## Provided entries
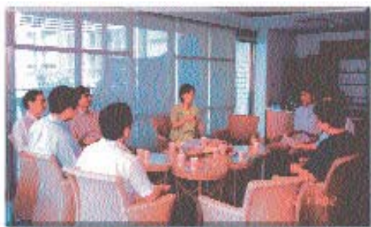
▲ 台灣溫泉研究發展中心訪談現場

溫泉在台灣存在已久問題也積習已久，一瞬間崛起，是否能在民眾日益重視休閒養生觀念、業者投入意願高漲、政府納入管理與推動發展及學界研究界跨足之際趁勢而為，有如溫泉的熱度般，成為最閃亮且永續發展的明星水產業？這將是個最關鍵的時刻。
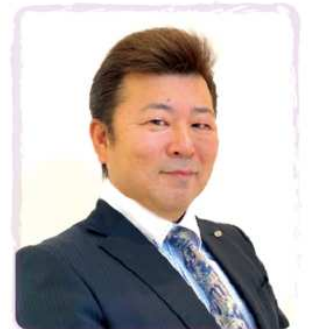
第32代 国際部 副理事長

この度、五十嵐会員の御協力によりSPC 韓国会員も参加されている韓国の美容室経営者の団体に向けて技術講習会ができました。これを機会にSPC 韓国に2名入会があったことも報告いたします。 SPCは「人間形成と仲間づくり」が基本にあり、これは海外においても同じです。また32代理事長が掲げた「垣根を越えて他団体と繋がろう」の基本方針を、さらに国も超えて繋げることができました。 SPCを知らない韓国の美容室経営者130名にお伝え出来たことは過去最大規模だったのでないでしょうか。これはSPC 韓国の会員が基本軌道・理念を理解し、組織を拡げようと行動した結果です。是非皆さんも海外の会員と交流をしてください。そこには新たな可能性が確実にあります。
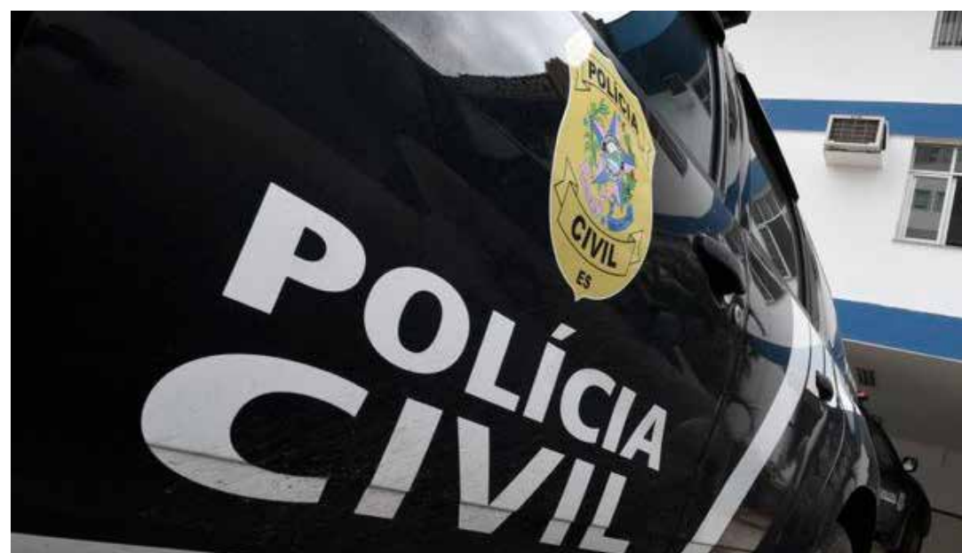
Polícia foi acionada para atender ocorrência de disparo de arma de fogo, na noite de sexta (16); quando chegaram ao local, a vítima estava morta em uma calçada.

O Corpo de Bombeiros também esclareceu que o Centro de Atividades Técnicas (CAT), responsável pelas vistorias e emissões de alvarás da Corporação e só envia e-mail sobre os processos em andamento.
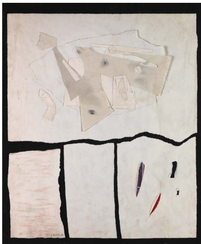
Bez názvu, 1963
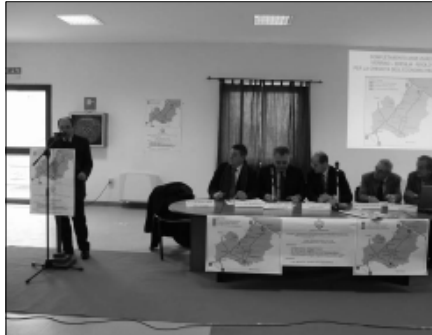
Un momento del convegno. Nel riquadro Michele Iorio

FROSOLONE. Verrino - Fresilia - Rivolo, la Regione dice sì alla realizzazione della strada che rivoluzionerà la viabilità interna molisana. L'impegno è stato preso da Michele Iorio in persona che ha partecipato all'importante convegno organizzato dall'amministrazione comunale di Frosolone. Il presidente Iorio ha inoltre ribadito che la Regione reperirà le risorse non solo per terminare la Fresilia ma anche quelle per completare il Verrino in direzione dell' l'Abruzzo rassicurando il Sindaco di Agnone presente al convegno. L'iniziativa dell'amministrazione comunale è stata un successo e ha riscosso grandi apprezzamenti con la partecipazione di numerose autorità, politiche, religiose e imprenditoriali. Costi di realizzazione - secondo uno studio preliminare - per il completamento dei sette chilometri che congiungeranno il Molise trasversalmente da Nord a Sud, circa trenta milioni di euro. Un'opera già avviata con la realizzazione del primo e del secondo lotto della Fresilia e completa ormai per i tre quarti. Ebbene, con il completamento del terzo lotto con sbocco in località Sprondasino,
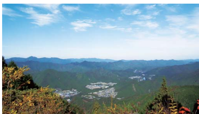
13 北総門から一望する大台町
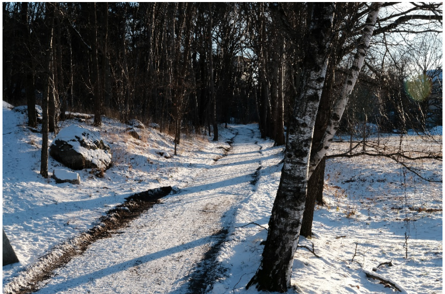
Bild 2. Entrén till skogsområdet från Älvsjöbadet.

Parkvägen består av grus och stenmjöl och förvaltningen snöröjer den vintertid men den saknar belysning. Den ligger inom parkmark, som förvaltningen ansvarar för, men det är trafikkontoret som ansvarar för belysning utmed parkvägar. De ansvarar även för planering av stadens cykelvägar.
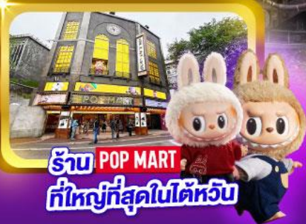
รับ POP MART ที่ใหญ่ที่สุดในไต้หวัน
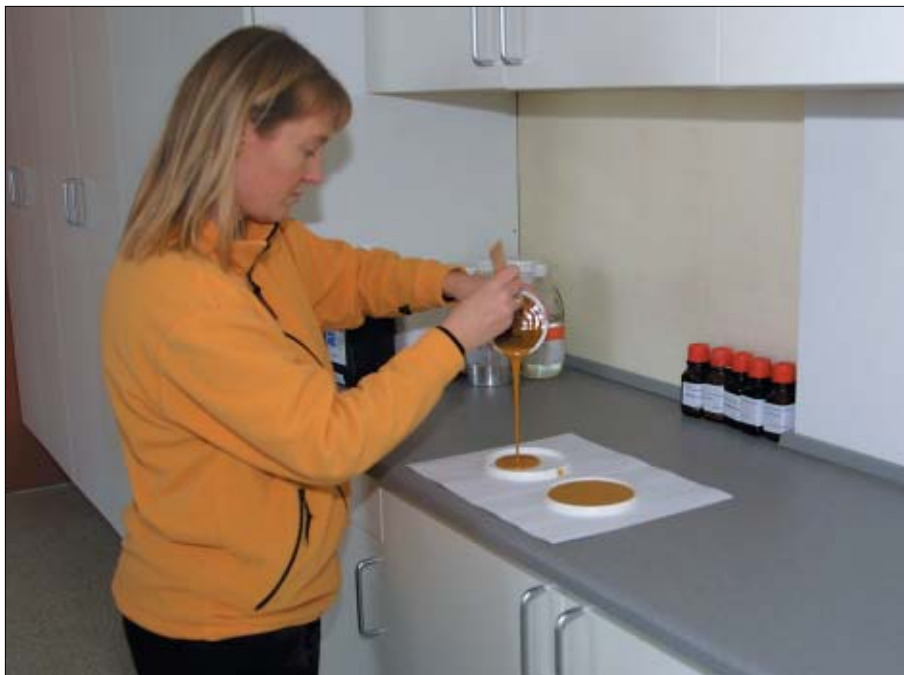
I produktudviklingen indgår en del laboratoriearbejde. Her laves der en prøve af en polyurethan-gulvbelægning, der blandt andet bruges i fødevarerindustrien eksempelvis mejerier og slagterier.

## Task
Leaving the pictures aside, transcribe only the lines from the one containing "FROSOLONE. Verrino - Fresilia" to the final line of the listing above, inclusive, exactly as they appear.

## Task output
FROSOLONE. Verrino - Fresilia - Rivolo, la Regione dice sì alla realizzazione della strada che rivoluzionerà la viabilità interna molisana. L'impegno è stato preso da Michele Iorio in persona che ha partecipato all'importante convegno organizzato dall'amministrazione comunale di Frosolone. Il presidente Iorio ha inoltre ribadito che la Regione reperirà le risorse non solo per terminare la Fresilia ma anche quelle per completare il Verrino in direzione dell' l'Abruzzo rassicurando il Sindaco di Agnone presente al convegno. L'iniziativa dell'amministrazione comunale è stata un successo e ha riscosso grandi apprezzamenti con la partecipazione di numerose autorità, politiche, religiose e imprenditoriali. Costi di realizzazione - secondo uno studio preliminare - per il completamento dei sette chilometri che congiungeranno il Molise trasversalmente da Nord a Sud, circa trenta milioni di euro. Un'opera già avviata con la realizzazione del primo e del secondo lotto della Fresilia e completa ormai per i tre quarti. Ebbene, con il completamento del terzo lotto con sbocco in località Sprondasino,
13 北総門から一望する大台町
Bild 2. Entrén till skogsområdet från Älvsjöbadet.

Parkvägen består av grus och stenmjöl och förvaltningen snöröjer den vintertid men den saknar belysning. Den ligger inom parkmark, som förvaltningen ansvarar för, men det är trafikkontoret som ansvarar för belysning utmed parkvägar. De ansvarar även för planering av stadens cykelvägar.
รับ POP MART ที่ใหญ่ที่สุดในไต้หวัน
I produktudviklingen indgår en del laboratoriearbejde. Her laves der en prøve af en polyurethan-gulvbelægning, der blandt andet bruges i fødevarerindustrien eksempelvis mejerier og slagterier.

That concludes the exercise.